So according to the multinomial distribution, the probability function $\Pr(X_1 = x_1, X_2 = x_2, \dots, X_k = x_k)$ is equal to $\dfrac{n!}{x_1! x_2! \cdots x_k!} \cdot p_1^{x_1}\cdot p_2^{x_2} \cdots p_k^{x_k}$
(See http://en.wikipedia.org/wiki/Multinomial_distribution).
And if we were to sum all of the probabilites for all possible values of $x_1, x_2, \dots x_k$, we would get one.
The thing is that summing all of those probablities also includes the situations in which at least one $x_j = 0$. How would I go about computing the following probablity function?:
$$\Pr(X_1=x_1>0, X_2=x_2>0, \ldots, X_k=x_k>0) = ?$$
So basically, the sum of all probabilities of the scenarios in which no $x_j = 0$ and the sum of all the probabilities of the scenarios in which at least one $x_j = 0$ is equal to $1$.
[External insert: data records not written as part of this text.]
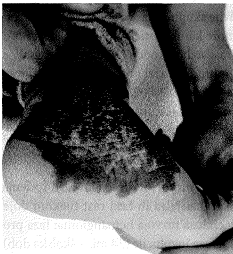
Slika 1. ► Dojenački hemangiom gležnja (fotografirano uz dopuštenje roditelja)

karakter. Dijagnoza se postavlja na temelju kliničke slike. U 10–20 % slučajeva proliferacija endotela je tako jaka, da se javlja nekontroliran rast koji zahtijeva terapijski postupak. Kad je terapijski postupak nužan, procjena se čini individualno na temelju dobi pacijenta, faze rasta hemangioma, lokalizacije hemangioma, veličine, zahvaćanja vitalnih struktura i komplikacija. Prema smjericama za liječenje hemangioma u dojenčadi glavni ciljevi su zaustavljanje nekontroliranog rasta i zahvaćanje vitalnih struktura, sprječavanje i liječenje ulceracija, smanjenje ožiljaka i boli, kako bi se spriječilo trajno estetsko nagrdživanje, smanjenje psihosocijalnog stresa i za pacijenta i obitelj. Peroralno liječenje propranololom je prvi izbor u terapiji kompliciranih dojenačkih hemangioma (3).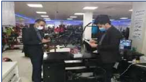
گشت مشترک بازرسان معاونت غذا و دارو از باشگاه های بدنسازی شهرستان سمنان ۱۴۰۱/۰۲/۲۱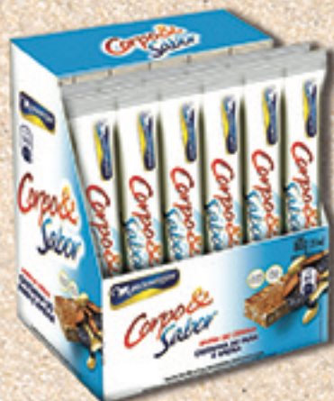
Cód: 6218 Barra de Cereais Castanha do Pará & Ameixa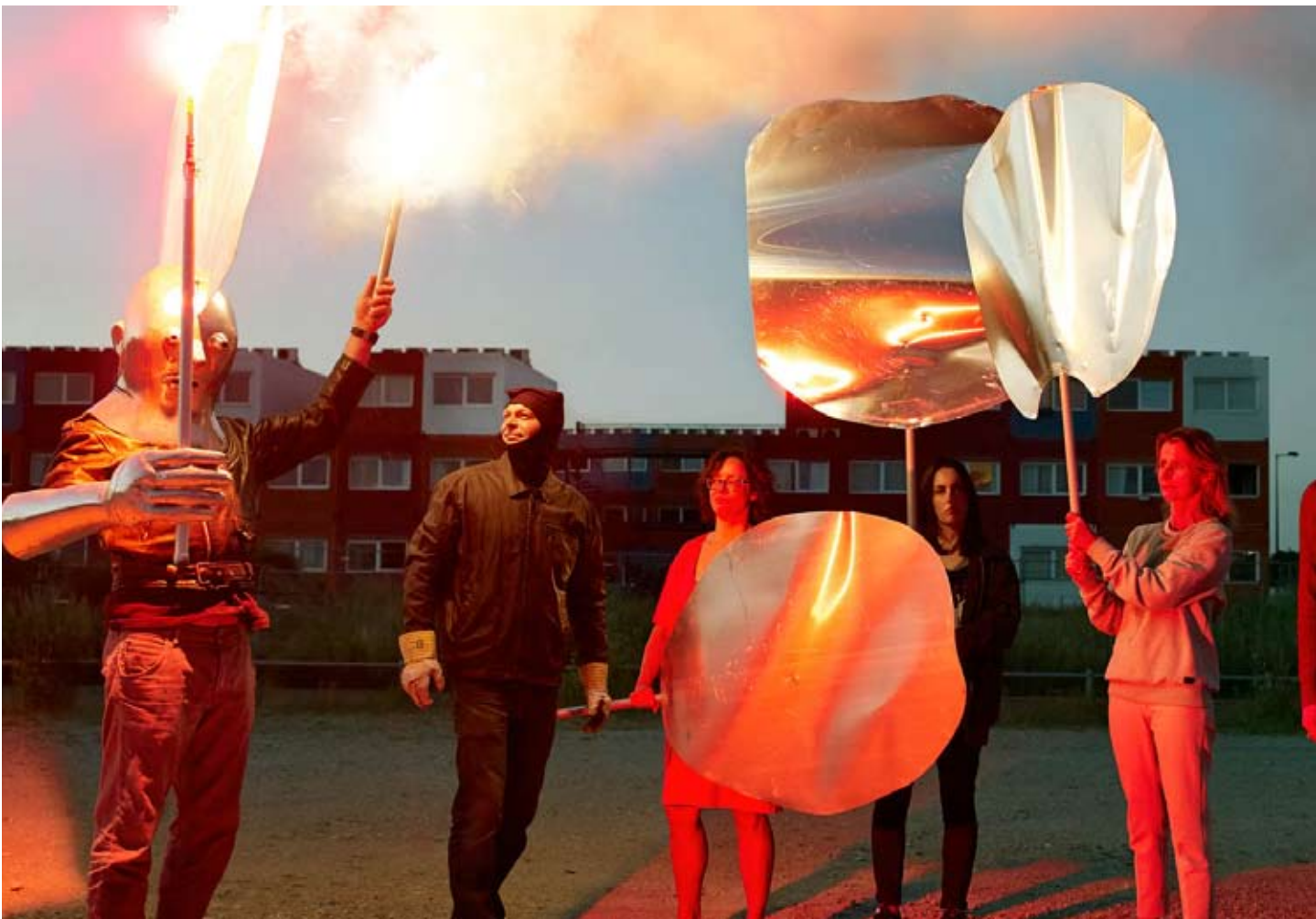
Het Magnetische noorden door kunstenaars Silvie Zijlmans en Hewald Jongenelis, 2015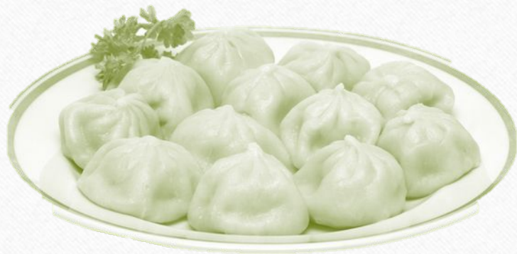
Яблочные с курицей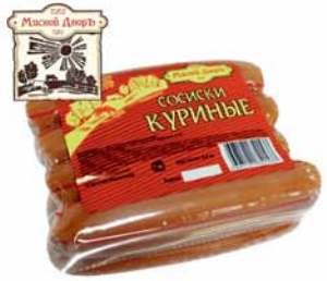
СОСИКИ "КУРИНЫЕ", Мясной двор, 400г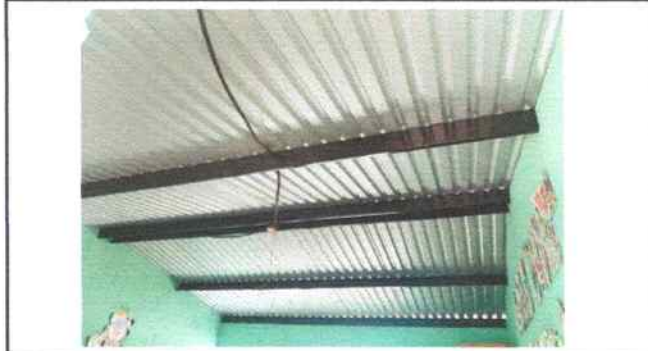
Foto 4: Aulas de Segundo primaria sse sustituyó lámina por lámina troquelada aluzin calibre 26 y mantenimiento a estructura de metal del techo (lijado, limpiado, sustitución de secciones de costaneras, pintura anticorrosiva)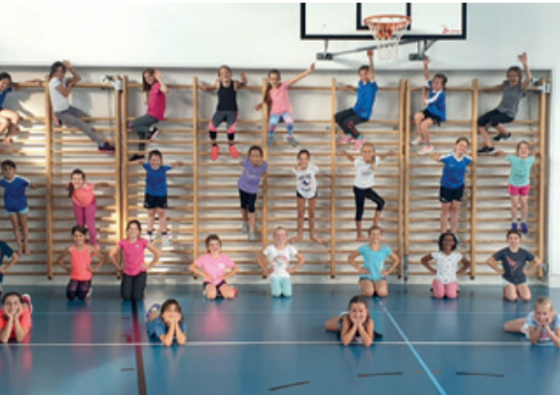
Mädchenriege klein, endlich wieder Training.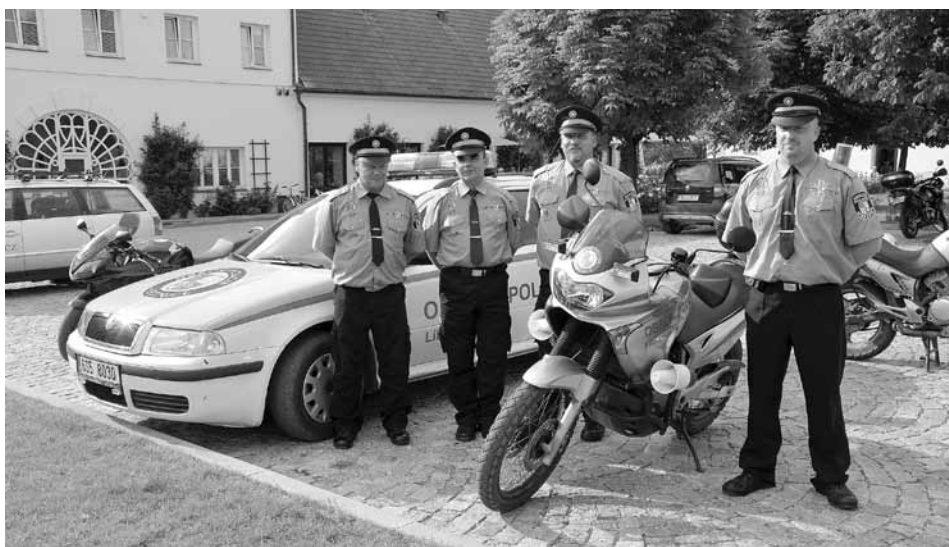
Obecní policie v nové sestavě.

Obecní policie Líbeznice má od čtvrtka 16. června 2011 o dva nové strážníky více. Čtyřčlenný sbor svou působnost rozšířil také na obec Předboj.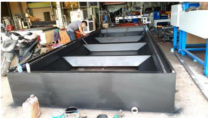
Lắp Thanh Trượt Và Thanh Răng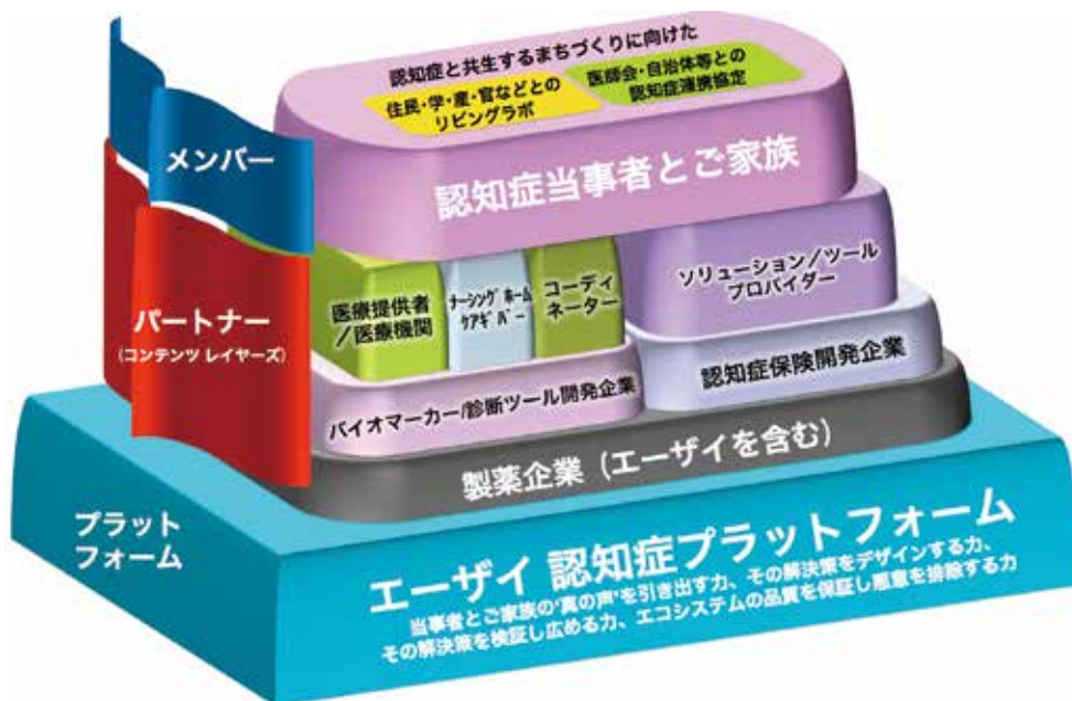
【図表1】「エーザイ認知症エコシステム」の概要

いうモデルのもと、認知症関連の課題解決に必要な全ての領域と業種を対象に、当社が持つ情報やデータを活用できるようにするプラットフォーム型のビジネスを推進しています(図表1)。エコシステムは、「メンバー」「パートナー」「プラットフォーム」という3つの要素で構成されます。認知症当事者とそのご家族が「メンバー」です。疾患啓発、早期診断、治療、介護、認知症情報の提供・相談といった領域で当社がこれまで蓄積してきた情報やデータを「プラットフォーム」として活用することで、「パートナー」は医薬品だけでなく認知症患者様の見守り支援ツールや認知症に特化した保険など、これまでの認知症関連の枠を超えたさまざまなソリューションを「メンバー」に提供することが可能となり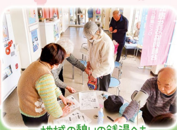
地域の憩いの銭湯へも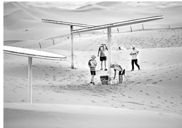
9月5日，宁夏惠农区代表队选手在沙漠定向团体赛中打卡。

当日，“沙坡头杯”第五届全国大漠健身运动大赛在宁夏中卫市沙坡头景区开赛，来自北京、江苏、福建、内蒙古等地的25个代表团共627名运动员参赛。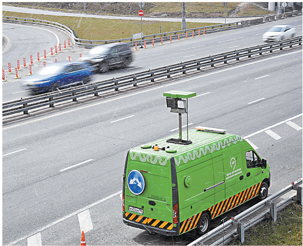
0 присутствию на дороге такой камеры должен предупреждать знак.

Напомним также, что на заседании правительства высказывалось предложение создать механизм, при котором вынесение штрафов с камер, не обозначенных в информационных системах, будет невозможно. Сейчас ознакомьтесь с местами установки комплексов можно на сайте Госавтоинспекции гбдд.рф. Однако не все водители знают, что ждет их за поворотом. И если камеры устанавливаются для обеспечения безопасности, для устранения очагов аварийности, а не для пополнения региональных бюджетов, то они должны быть видны, а водители следуют предупреждать о них заранее. Отсутствие предупреждающего знака должно быть основанием для отмены штрафа. ●

I want to find the sum of all probabilities of the scenarios in which no $x_j = 0$
Best Answer
You say "The problem is . . .", but that doesn't seem to be a problem at all. If you include all the possible values of $x_1,\ldots,x_n$, all nonnegative integers, satisfying $x_1+\cdots+x_k=n$, including the cases where some of the $x_j$ are $0$, you get $1$.